European soccer notoriously limits media access, but Manchester City phenom forward Erling Haaland takes privacy to the next level. This week ahead of a UEFA Champions League bout with FC Copenhagen, Haaland conducted his first press conference with English football media since his signing was announced by the club in 2022.
Haaland discussed at length his happiness at City, his mindset coming off City’s trophy sweep in his first season with the club last year, and his future as a footballer.
“I say this now, it will probably be a massive headline, but tomorrow you never know what the future brings, but I am happy,” the Norwegian wunderkind scorer told reporters. “You can write this, but you also have to write everything I said before. I am happy.”
Haaland is proficient in English but simply chooses to be private. In the press conference this week, he was quite transparent and detailed in his answers.
Haaland revealed his approach after so much success early in England. It was a refreshing openness to hear from a young living legend in a sport with extremely limited access to athletes.
“You can think about it in two ways,” Haaland said. One is that I came here and won it all. The other thing is that I’m 23 years old, and I won everything, and I got a taste of how it is to win everything. How I work is that when I feel this, I want to win it again. It’s as easy as that.”
Haaland also detailed how his training these days is primarily mental. After all, one of the most prolific goal-scorers in the history of the sport can only do so much to improve physically.

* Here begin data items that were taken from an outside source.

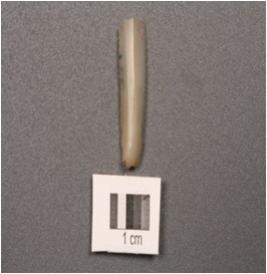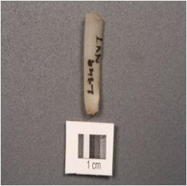 | Description / विवरण | Chalcedony parallel sided blade with a single ridge, prominent bulb. |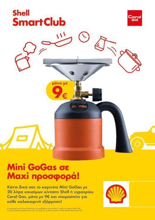 Συγκεκριμένα, κάθε φορά που οι καταναλωτές ανεφοδιάζουν το όχημά τους με τουλάχιστον 20 λίτρα από τα αγαπημένα καύσιμα κίνησης Shell ή υγραερίου Coral Gas έχουν τη δυνατότητα να κάνουν δικό τους το καμινέτο Mini GoGas με επιπλέον χρέωση μόλις 9€.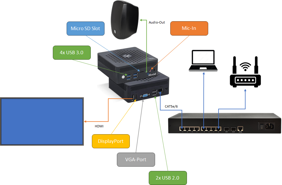 - Kompatibilität mit vorhandener Hardware (Displays, Projektoren) und Infrastruktur (Netzwerkverkabelung, Stromversorgung).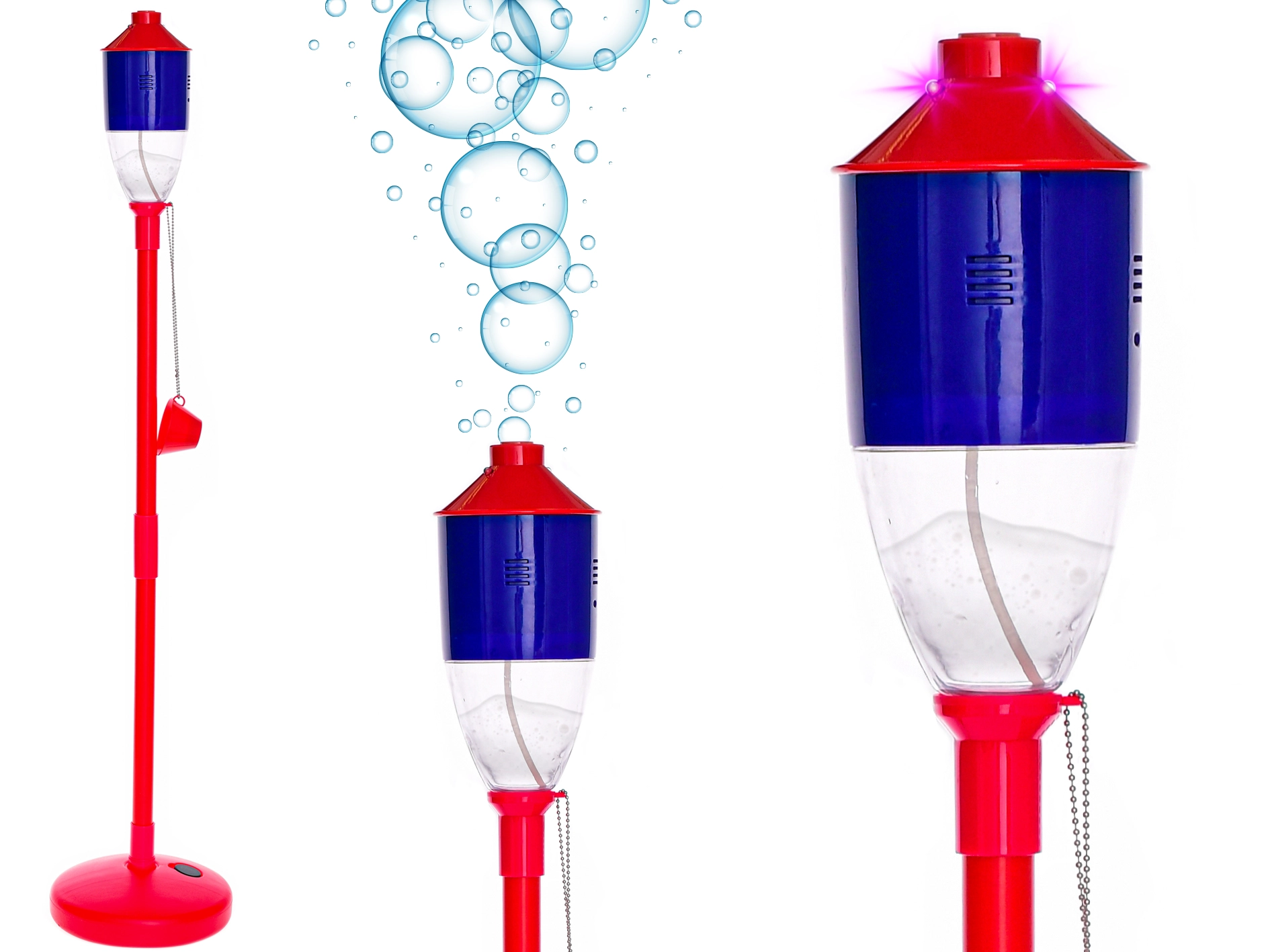 Ustvarite nepozabno zabavo na vrtu ali ob bazenu. Ta izvirni bublifuk, ki spominja na baklo, po polnjenju rezervoarja z raztopino in vklopu samodejno piha mehurčke in sveti, zato je idealen tudi za večerne zabave. Zahvaljujoč preprosti sestavi in praktičnemu delovanju na baterije je pripravljen za takojšnjo uporabo.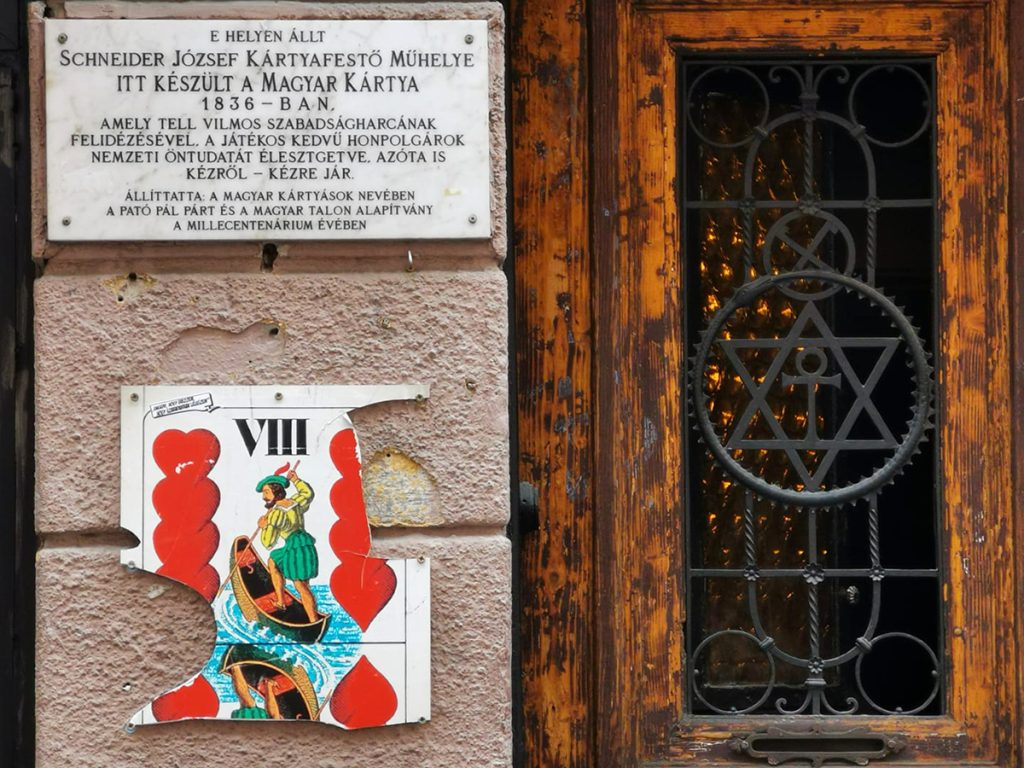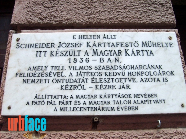 Az egykor Kreuzgasse (Kiskereszt utca) 517. számmal ellátott földszintes épületet 1834-ben vásárolta meg Schneider József kártyafestő, hogy kisebb átalakítások után itt rendezhesse be pakligyártó műhelyét. A mester ebben az épületben alkotta meg 1836-ban 36 lapos magyar kártyacsomagját, amely az osztrák elnyomás miatt nem magyar történelmi hősöket, szenteket és királyokat, hanem Friedrich Schiller drámaíró „Tell Vilmos” című, 1804-ben írt drámájának szereplői után mintázott meg. A trükktől függetlenül a tüköralakos Tell-kártyát az osztrákok betiltották és elkobozták. A tükörképességében és témájában is új játékszer nem csak Magyarországon, de Közép-Európa-szerte kiszorította a korábban általánosan használt egyalakos kártyaképeket. Kezdetben helvét- vagy svájci-német volt a játék neve. A XX. század elején az elnevezés magyar kártyára változott, német nyelvterületen pedig Doppeldeutsche lett. És még egy apró érdekesség a magyar kártya képeivel kapcsolatban: aki a Tell Vilmos legendás almajelentét hiába keressük a lapokon, nem fogjuk megtalálni. Ez az epizód ugyanis az 1850 előtt készült kártyák piros VI-os jelzésű lapján szerepelt csak. Amikor a játékszokások 36-ról 32-re csökkentették a csomag lapjainak számát, akkor a legkisebb értékű, VI-os jelzésű kártyák megszüntetésével a híres almajelenet is eltűnt. A Schneider-féle kártyák annyira népszerűek lettek, hogy a bécsi Piatnik gyár 1861-től kezdte el gyártani a Tell-kártyákat.

Last summer, Haaland was a guest on Impaulsive, Logan Paul’s massive digital show. This season, he recorded an eight-minute video for City’s YouTube channel. That is the total list of his interviews in the past year.
While managers are very front-facing in Europe, soccer stars rarely speak to media. An athlete like Haaland in the United States would be required to answer reporters’ questions from time to time, but neither UEFA nor the Premier League have these rules.
As Americans have seen with Lionel Messi and MLS, the world’s most famous athletes are often the most closed-off. So Haaland opening up this week is noteworthy beyond the stakes of City’s season and his next contract with the club.
Editor’s Note: This piece originally incorrectly referred to Haaland as Swedish, rather than Nowergian. We regret this error.